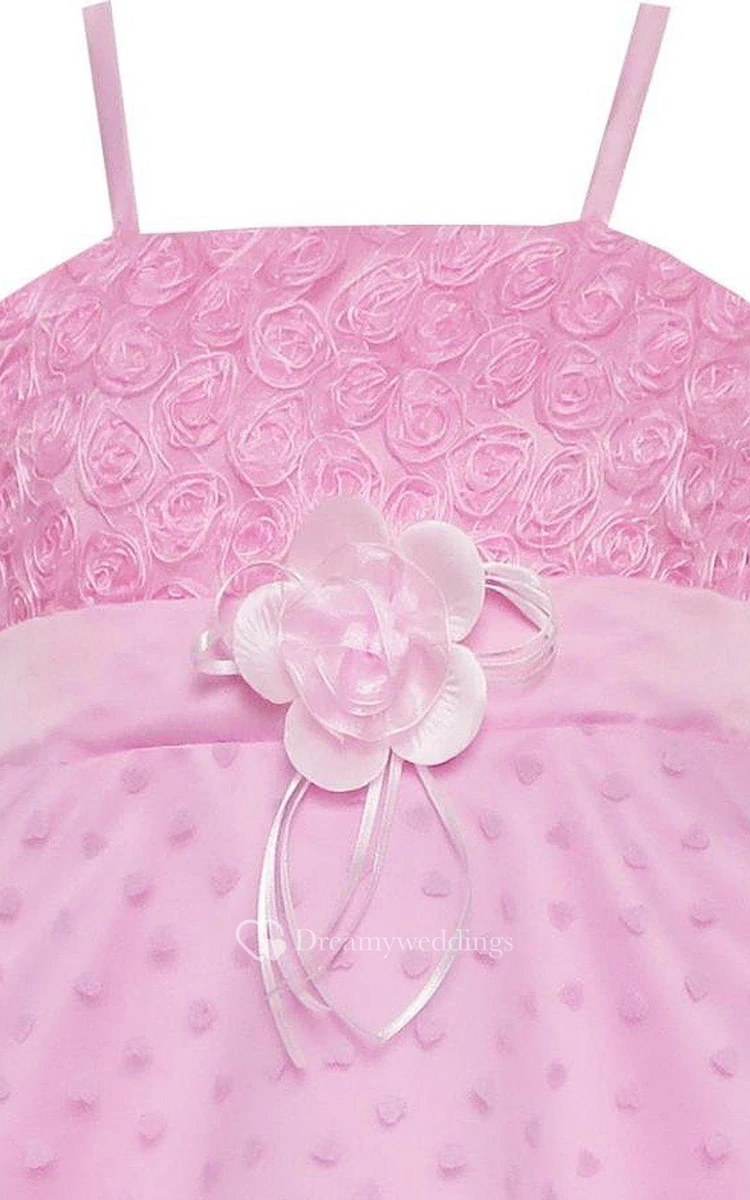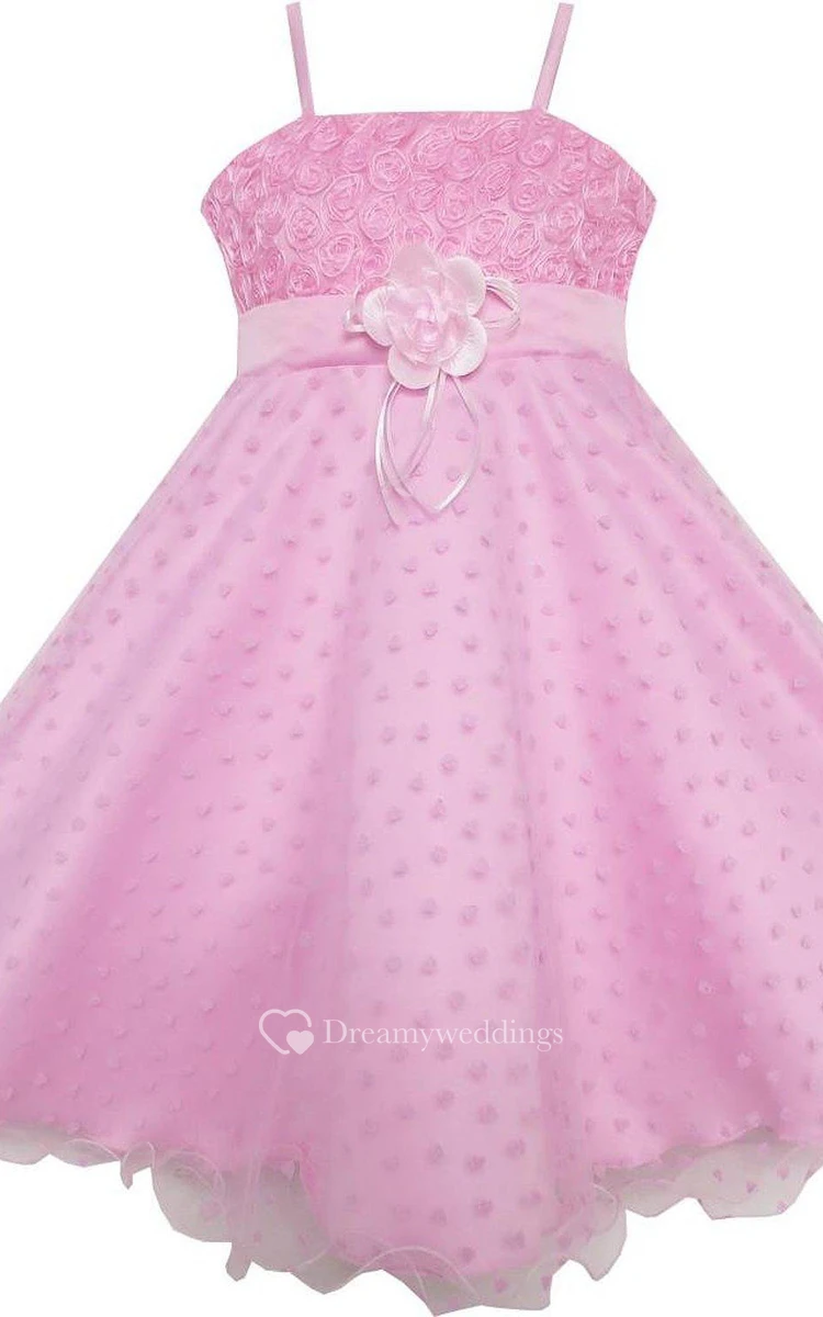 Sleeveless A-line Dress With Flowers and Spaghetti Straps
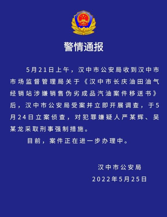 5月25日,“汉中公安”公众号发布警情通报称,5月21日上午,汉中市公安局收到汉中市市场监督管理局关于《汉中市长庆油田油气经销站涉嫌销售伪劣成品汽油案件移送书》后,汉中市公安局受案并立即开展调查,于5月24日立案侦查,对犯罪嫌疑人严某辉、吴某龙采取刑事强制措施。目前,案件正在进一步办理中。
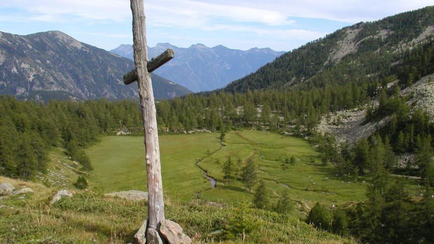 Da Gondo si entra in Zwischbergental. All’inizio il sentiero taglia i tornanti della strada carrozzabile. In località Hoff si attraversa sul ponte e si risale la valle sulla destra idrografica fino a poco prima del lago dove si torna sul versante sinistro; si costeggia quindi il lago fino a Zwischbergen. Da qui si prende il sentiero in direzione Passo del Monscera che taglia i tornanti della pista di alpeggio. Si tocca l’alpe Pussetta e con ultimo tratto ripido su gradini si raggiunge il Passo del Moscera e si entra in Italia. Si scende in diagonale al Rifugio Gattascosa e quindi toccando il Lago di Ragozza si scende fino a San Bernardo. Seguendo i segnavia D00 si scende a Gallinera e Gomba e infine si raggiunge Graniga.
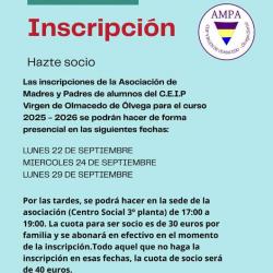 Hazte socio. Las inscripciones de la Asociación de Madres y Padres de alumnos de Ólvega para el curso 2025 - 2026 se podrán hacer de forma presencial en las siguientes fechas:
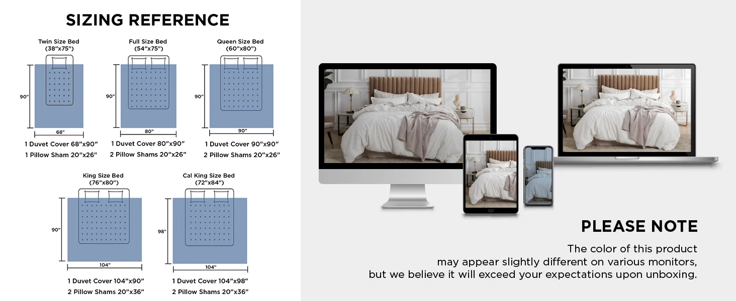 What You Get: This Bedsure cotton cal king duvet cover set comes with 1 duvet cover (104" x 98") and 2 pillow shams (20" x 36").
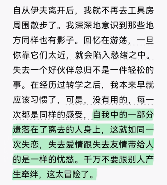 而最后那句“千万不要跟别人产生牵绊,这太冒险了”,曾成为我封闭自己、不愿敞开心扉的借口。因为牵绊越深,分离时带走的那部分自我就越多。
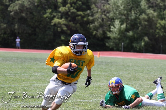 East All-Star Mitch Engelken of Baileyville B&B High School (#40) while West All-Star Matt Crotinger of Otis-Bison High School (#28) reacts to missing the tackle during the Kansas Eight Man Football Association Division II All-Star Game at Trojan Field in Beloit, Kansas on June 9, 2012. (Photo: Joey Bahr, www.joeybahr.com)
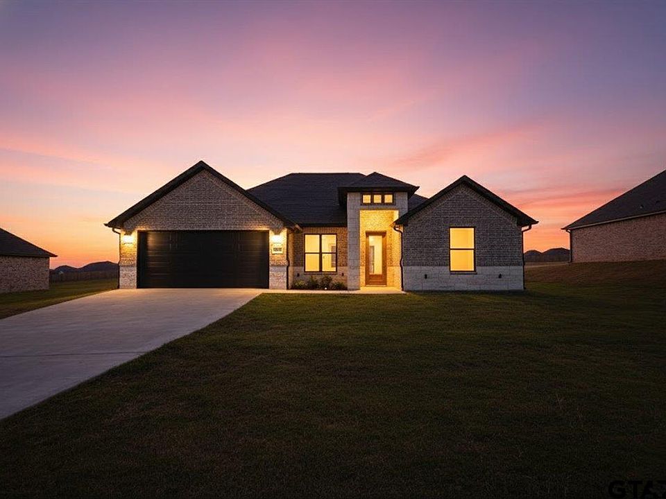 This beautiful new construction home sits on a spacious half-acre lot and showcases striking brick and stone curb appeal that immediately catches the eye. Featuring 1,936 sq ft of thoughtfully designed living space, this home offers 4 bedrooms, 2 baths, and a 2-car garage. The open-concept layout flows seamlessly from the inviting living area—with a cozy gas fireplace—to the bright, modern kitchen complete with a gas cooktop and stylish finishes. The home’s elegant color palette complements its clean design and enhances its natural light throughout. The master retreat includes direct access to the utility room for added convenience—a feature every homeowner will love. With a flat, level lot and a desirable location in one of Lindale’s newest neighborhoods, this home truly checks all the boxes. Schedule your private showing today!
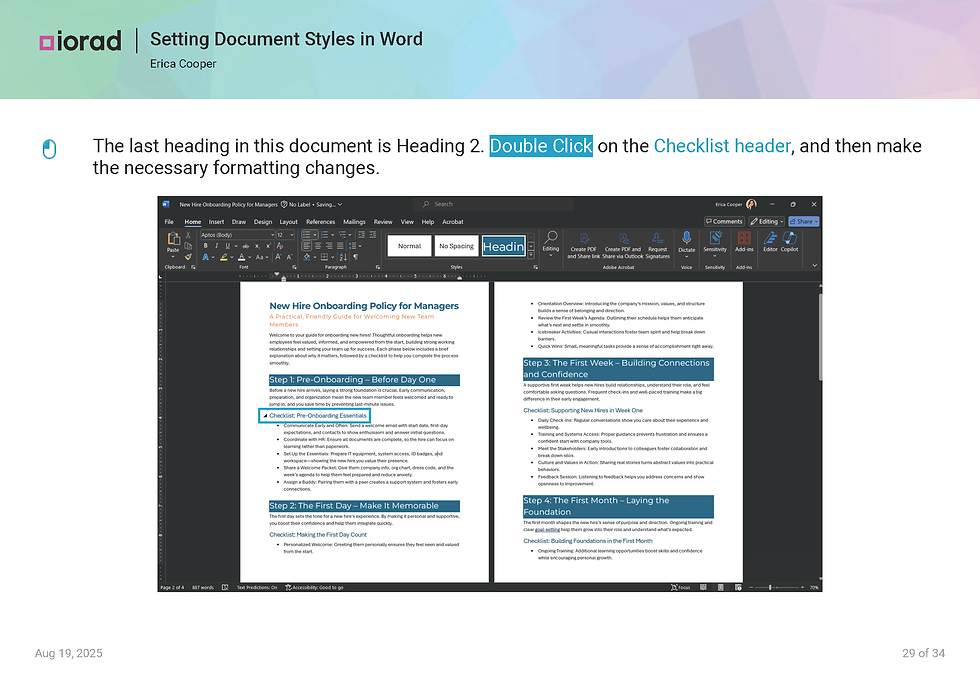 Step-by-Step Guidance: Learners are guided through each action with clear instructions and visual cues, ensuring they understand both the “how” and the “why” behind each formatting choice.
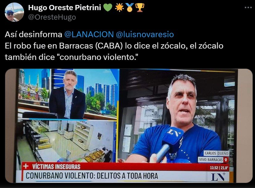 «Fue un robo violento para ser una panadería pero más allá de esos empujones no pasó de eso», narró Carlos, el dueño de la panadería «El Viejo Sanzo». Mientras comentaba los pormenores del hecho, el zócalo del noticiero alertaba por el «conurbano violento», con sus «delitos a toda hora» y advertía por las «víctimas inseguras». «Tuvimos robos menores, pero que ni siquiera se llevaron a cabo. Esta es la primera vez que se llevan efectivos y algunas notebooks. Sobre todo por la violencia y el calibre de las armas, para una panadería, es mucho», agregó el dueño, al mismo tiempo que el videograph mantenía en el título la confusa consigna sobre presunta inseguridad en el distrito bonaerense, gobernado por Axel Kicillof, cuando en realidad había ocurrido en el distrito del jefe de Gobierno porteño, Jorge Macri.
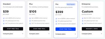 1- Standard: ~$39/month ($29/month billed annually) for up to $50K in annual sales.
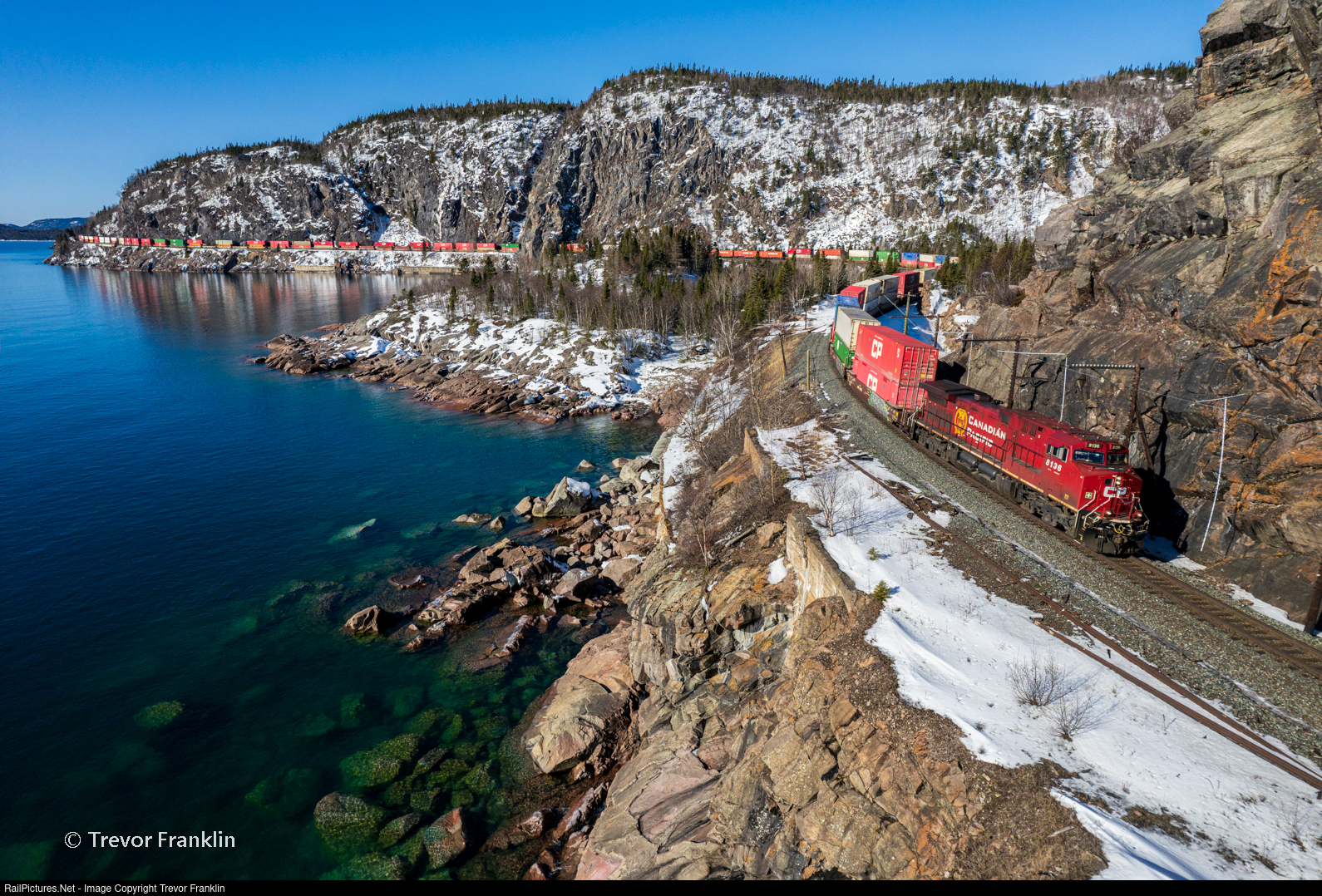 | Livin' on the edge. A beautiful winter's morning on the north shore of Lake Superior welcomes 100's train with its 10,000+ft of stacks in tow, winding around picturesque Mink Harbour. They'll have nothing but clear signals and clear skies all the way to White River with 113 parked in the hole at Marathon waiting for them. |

————

▶ **REQUIRED ACTION**
Give back every line of the material above word for word, leaving out the pictures.

▶ **RESULT**
 Sleeveless A-line Dress With Flowers and Spaghetti Straps
 5月25日,“汉中公安”公众号发布警情通报称,5月21日上午,汉中市公安局收到汉中市市场监督管理局关于《汉中市长庆油田油气经销站涉嫌销售伪劣成品汽油案件移送书》后,汉中市公安局受案并立即开展调查,于5月24日立案侦查,对犯罪嫌疑人严某辉、吴某龙采取刑事强制措施。目前,案件正在进一步办理中。
 Da Gondo si entra in Zwischbergental. All’inizio il sentiero taglia i tornanti della strada carrozzabile. In località Hoff si attraversa sul ponte e si risale la valle sulla destra idrografica fino a poco prima del lago dove si torna sul versante sinistro; si costeggia quindi il lago fino a Zwischbergen. Da qui si prende il sentiero in direzione Passo del Monscera che taglia i tornanti della pista di alpeggio. Si tocca l’alpe Pussetta e con ultimo tratto ripido su gradini si raggiunge il Passo del Moscera e si entra in Italia. Si scende in diagonale al Rifugio Gattascosa e quindi toccando il Lago di Ragozza si scende fino a San Bernardo. Seguendo i segnavia D00 si scende a Gallinera e Gomba e infine si raggiunge Graniga.
 Hazte socio. Las inscripciones de la Asociación de Madres y Padres de alumnos de Ólvega para el curso 2025 - 2026 se podrán hacer de forma presencial en las siguientes fechas:
 What You Get: This Bedsure cotton cal king duvet cover set comes with 1 duvet cover (104" x 98") and 2 pillow shams (20" x 36").
 而最后那句“千万不要跟别人产生牵绊,这太冒险了”,曾成为我封闭自己、不愿敞开心扉的借口。因为牵绊越深,分离时带走的那部分自我就越多。
 East All-Star Mitch Engelken of Baileyville B&B High School (#40) while West All-Star Matt Crotinger of Otis-Bison High School (#28) reacts to missing the tackle during the Kansas Eight Man Football Association Division II All-Star Game at Trojan Field in Beloit, Kansas on June 9, 2012. (Photo: Joey Bahr, www.joeybahr.com)
 This beautiful new construction home sits on a spacious half-acre lot and showcases striking brick and stone curb appeal that immediately catches the eye. Featuring 1,936 sq ft of thoughtfully designed living space, this home offers 4 bedrooms, 2 baths, and a 2-car garage. The open-concept layout flows seamlessly from the inviting living area—with a cozy gas fireplace—to the bright, modern kitchen complete with a gas cooktop and stylish finishes. The home’s elegant color palette complements its clean design and enhances its natural light throughout. The master retreat includes direct access to the utility room for added convenience—a feature every homeowner will love. With a flat, level lot and a desirable location in one of Lindale’s newest neighborhoods, this home truly checks all the boxes. Schedule your private showing today!
 Step-by-Step Guidance: Learners are guided through each action with clear instructions and visual cues, ensuring they understand both the “how” and the “why” behind each formatting choice.
 «Fue un robo violento para ser una panadería pero más allá de esos empujones no pasó de eso», narró Carlos, el dueño de la panadería «El Viejo Sanzo». Mientras comentaba los pormenores del hecho, el zócalo del noticiero alertaba por el «conurbano violento», con sus «delitos a toda hora» y advertía por las «víctimas inseguras». «Tuvimos robos menores, pero que ni siquiera se llevaron a cabo. Esta es la primera vez que se llevan efectivos y algunas notebooks. Sobre todo por la violencia y el calibre de las armas, para una panadería, es mucho», agregó el dueño, al mismo tiempo que el videograph mantenía en el título la confusa consigna sobre presunta inseguridad en el distrito bonaerense, gobernado por Axel Kicillof, cuando en realidad había ocurrido en el distrito del jefe de Gobierno porteño, Jorge Macri.
 1- Standard: ~$39/month ($29/month billed annually) for up to $50K in annual sales.
 | Livin' on the edge. A beautiful winter's morning on the north shore of Lake Superior welcomes 100's train with its 10,000+ft of stacks in tow, winding around picturesque Mink Harbour. They'll have nothing but clear signals and clear skies all the way to White River with 113 parked in the hole at Marathon waiting for them. |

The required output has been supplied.